Premier was awarded a multi-million-pound contract by the Department of Health and Social Care to provide bespoke modular buildings for COVID-19 testing. The project was doubled to 50 sites across the UK, from Inverness to Portsmouth.

This major national project is supporting the Government in increasing testing capacity in the pandemic and was procured through the Crown Commercial Service.

Since the first test centre was delivered in Bolton, Premier has now set up standalone community testing sites in towns and cities across the country including Inverness, Durham, Leamington Spa, Nottingham, Aylesbury, Buxton, Leeds and Liverpool.

Pre-fitted, bespoke test centre buildings

Each standalone test site has a 110m2 purpose-designed testing building pre-fitted with eight patient cubicles, hygienic walls, separate staff entrance and exit, test collection and drop-off zones and a family testing room.

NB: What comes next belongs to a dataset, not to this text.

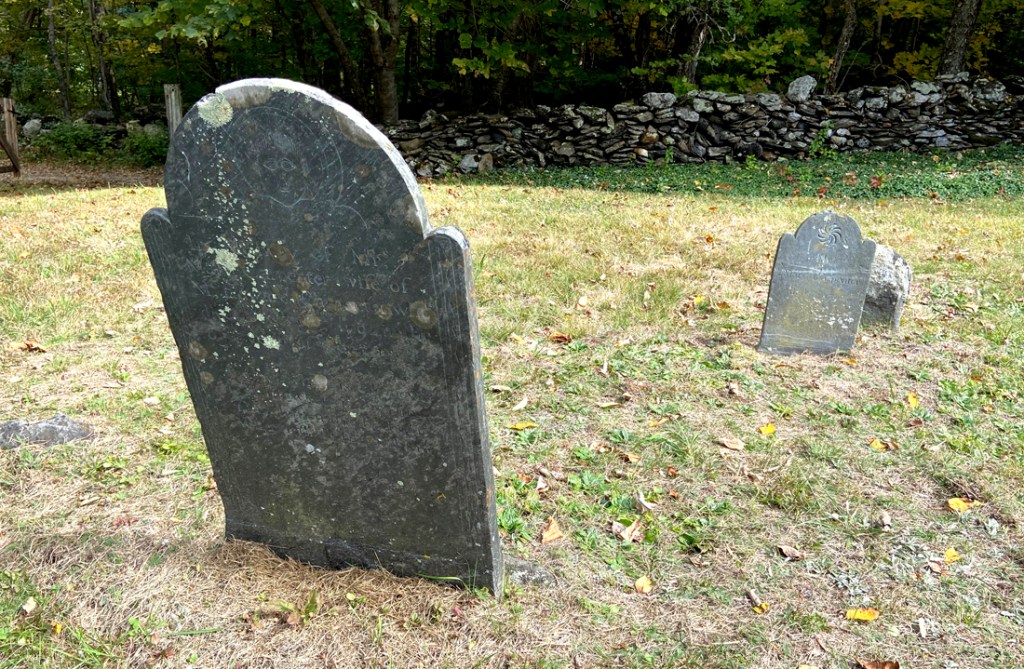 Further up Carpenter Hill Road and around a bend is the cemetery, built on a hillside. Why? Hillsides are not ideal for farming or grazing, so a good use of the land.

Premier’s contract also includes the supply of welfare facilities in three buildings to accommodate a PPE room, stores, test preparation, staff rest room, kitchenette and toilets, as well as essential services – water supply, effluent collection and electricity generators.

George Swanepoel, Project Manager for the Havant centre at testing service provider Sodexo, said: “The site set-up and the testing facility at Havant are fantastic. This is a well-designed building which is highly efficient for maintaining patient flows and social distancing. The modular solution is easy to keep clean, is not exposed to the elements and is a safe and comfortable environment for our staff to work in. The building installation went very smoothly in just a few hours. This testing site has had a really positive impact on the local community.”

Optimising the benefits of offsite

What we need now is for more enlightened NHS Trusts and building designers to better understand how offsite manufacturing methodologies can be applied to the specification and delivery of healthcare construction projects.

To optimise the benefits, there needs to be a more collaborative approach to procurement, early engagement with the offsite specialist and a drive towards best value.